Blade Runner - Director: Ridley Scott (1982)

The purpose of my blog is to review any films I watch since I started this forum but it does seem a little odd to be reviewing an influential 1982 sci-fi classic. However...that's what I'm here for!

I dream about the lift in Sebastian's house quite a style recently has been based a lot on Sean Young's phenomenal Rachael...and I was six when this film was made and I remember seeing Daryl Hannah's Pris when I was in my early teens and thinking WOW...but I've never watched Blade Runner with a film critic's head on before.
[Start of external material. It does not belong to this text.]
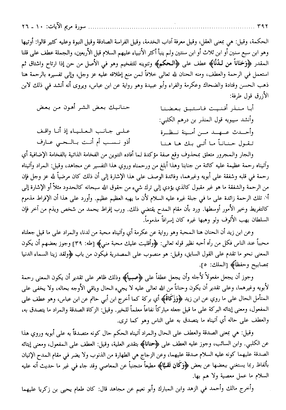 الحكمة، وقيل: هي بمعنى العقل، وقيل معرفة آداب الخدمة، وقيل الفراسة الصادقة وقيل النبوة وعليه كثير قالوا: أوتيها وهو ابن سبع سنين أو ابن ثلاث أو ابن سنتين ولم ينبأ أكثر الأنبياء عليهم السلام قبل الأربعين، والجملة عطف على قلنا المقدر وَحَناناً مِنْ لَدُنَّا عطف على الْحُكْمَ وتنوينه للتفخيم وهو في الأصل من حن إذا ارتاح واشتاق ثم استعمل في الرحمة والعطف، ومنه الحنان لله تعالى خلافا لمن منع إطلاقه عليه عز وجل، وإلى تفسيره بالرحمة هنا ذهب الحسن وقتادة والضحاك وعكرمة والفراء وأبو عبيدة وهو رواية عن ابن عباس، ويروى أنه أنشد في ذلك لابن الأزرق قول طرفة: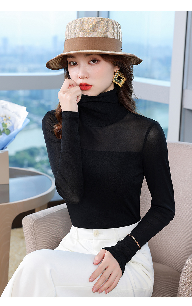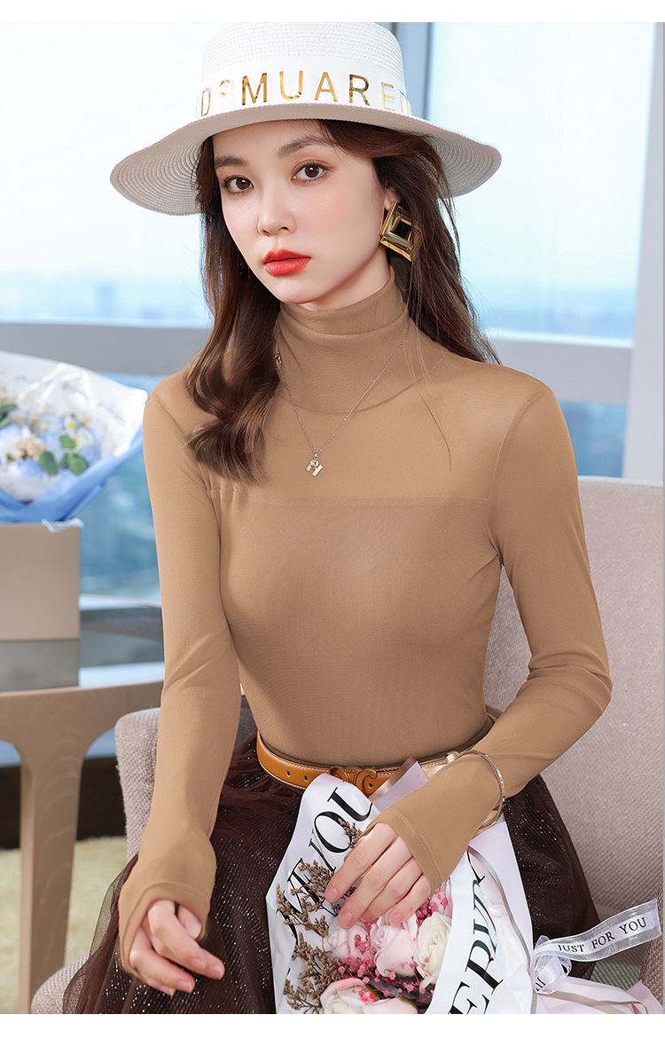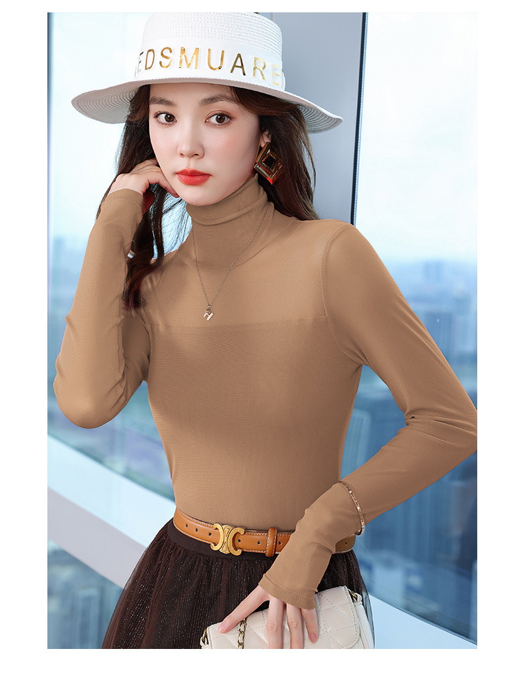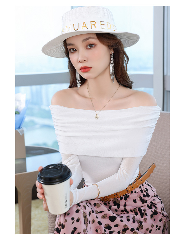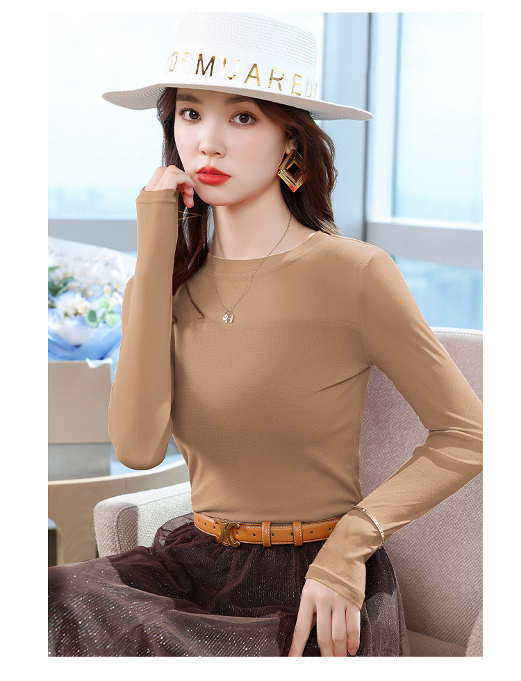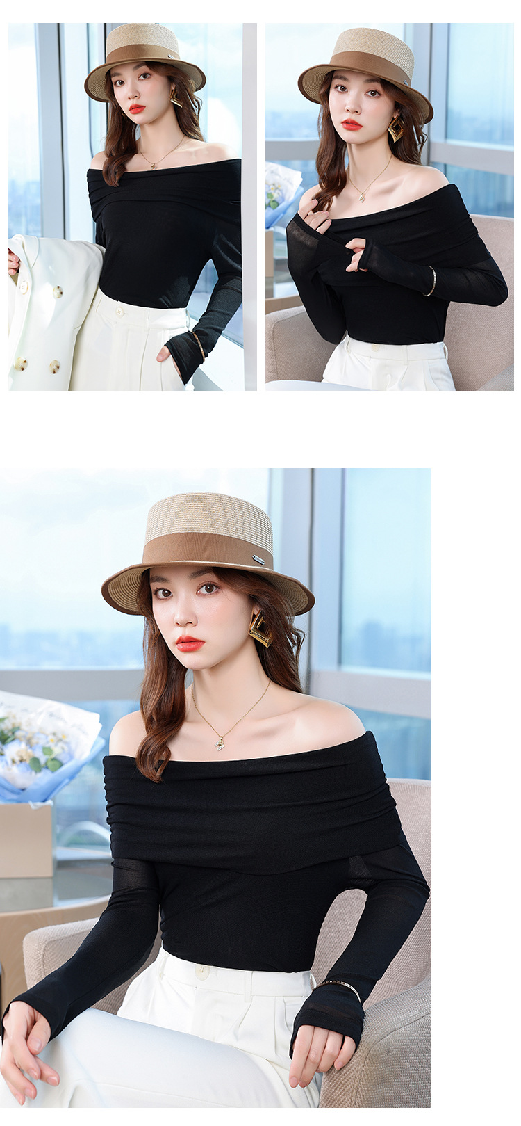 세븐 밸리 니앙 가을과 겨울 레드 탑 여자 하이 엔드 슬랜트 숄더 오프 숄더 긴팔 티셔츠 슬림 핏 짧은베이스 셔츠 트렌디스토어 가기

Until last night.

Blade Runner is absolutely mesmirising and the opening shot of a brutal Los Angeles skyline in 2019 is still amazing even in today's standards of Avatar. Better in fact. It's chilling and sends thrills up your spine of what is to come. The first 1/2 hr is quite slow paced but it hots up when Harrison Ford's Deckard, a 'blade runner' who hunts down replicants to 'retire them' from service, receives his task to retire four rogue replicants; Rutger Hauer's Batty, Joanna Cassidy's Zhora, Daryl Hannah's Pris and Brion James' Leon.
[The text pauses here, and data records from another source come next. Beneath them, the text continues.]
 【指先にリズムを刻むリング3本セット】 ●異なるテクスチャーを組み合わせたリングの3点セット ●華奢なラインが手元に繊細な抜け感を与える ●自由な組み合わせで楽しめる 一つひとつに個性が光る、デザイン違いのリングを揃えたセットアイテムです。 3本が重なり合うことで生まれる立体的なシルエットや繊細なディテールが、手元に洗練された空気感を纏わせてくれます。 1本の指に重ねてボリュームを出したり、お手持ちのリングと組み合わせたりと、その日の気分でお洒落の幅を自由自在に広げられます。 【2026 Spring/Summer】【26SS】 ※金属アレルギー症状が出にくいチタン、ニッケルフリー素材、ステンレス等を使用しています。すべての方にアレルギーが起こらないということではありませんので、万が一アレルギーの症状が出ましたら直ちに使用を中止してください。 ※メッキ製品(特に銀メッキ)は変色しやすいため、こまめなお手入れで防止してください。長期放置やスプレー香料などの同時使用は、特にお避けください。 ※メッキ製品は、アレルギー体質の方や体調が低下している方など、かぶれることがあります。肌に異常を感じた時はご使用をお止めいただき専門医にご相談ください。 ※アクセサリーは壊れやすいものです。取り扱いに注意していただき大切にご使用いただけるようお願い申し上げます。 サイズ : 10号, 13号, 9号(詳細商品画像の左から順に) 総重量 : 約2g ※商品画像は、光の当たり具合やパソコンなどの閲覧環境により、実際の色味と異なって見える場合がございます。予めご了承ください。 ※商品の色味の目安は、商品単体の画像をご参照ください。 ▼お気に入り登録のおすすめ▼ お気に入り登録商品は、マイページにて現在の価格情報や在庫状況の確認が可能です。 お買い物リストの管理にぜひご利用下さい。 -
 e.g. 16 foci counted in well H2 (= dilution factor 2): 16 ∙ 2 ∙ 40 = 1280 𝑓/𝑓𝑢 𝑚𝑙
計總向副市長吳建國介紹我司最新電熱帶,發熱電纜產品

You feel sad for the replicants; their life span is only four years and Sean Young's character Rachael does not realise that she isn't human until Deckard explains that her memories have been implanted in her. Although the four rogue replicants are violent, they bleed like humans and fight to survive, with Pris and Zhora's exits especially upsetting.
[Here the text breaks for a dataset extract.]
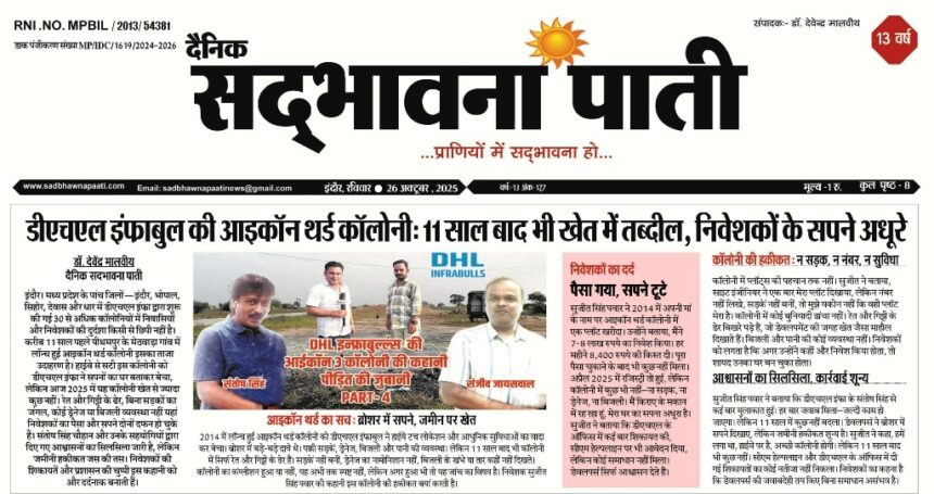 इंदौर। मध्य प्रदेश के पांच जिलों—इंदौर, भोपाल, सिहोर, देवास और धार में डीएचएल इंफ्रा द्वारा शुरू की गई 30 से अधिक कॉलोनियों में निवासियों और निवेशकों की दुर्दशा किसी से छिपी नहीं है। करीब 11 साल पहले पीथमपुर के मेठवाड़ा गांव में लॉन्च हुई आइकॉन थर्ड कॉलोनी इसका ताजा उदाहरण है। हाईवे से सटी इस कॉलोनी को डीएचएल इंफ्रा ने सपनों का घर बताकर बेचा, लेकिन आज 2025 में यह कॉलोनी खेत से ज्यादा कुछ नहीं। रेत और गिट्टी के ढेर, बिना सड़कों का जंगल, कोई ड्रेनेज या बिजली व्यवस्था नहीं यहां निवेशकों का पैसा और सपने दोनों दफन हो चुके हैं। संतोष सिंह चौहान और उनके सहयोगियों द्वारा दिए गए आश्वासनों का सिलसिला जारी है, लेकिन जमीनी हकीकत जस की तस। निवेशकों की शिकायतें और प्रशासन की चुप्पी इस कहानी को और दर्दनाक बनाती हैं।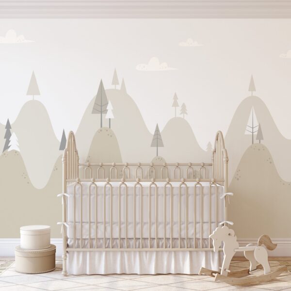 Yumuşak Dağlar ve Ağaçlar Desenli Duvar Kağıdı

It is then left for the final battle between Deckard and Batty. It features a great act of, well, humanity by Batty and a soliloquy which ends with the words 'Time to die'. Batty here shows that he may perhaps even be more 'human' than Deckard.

It's a great piece of work and has/will stand the test of time. It still looks original, innovative and epic...let's see how Avatar is remembered in 27 years time.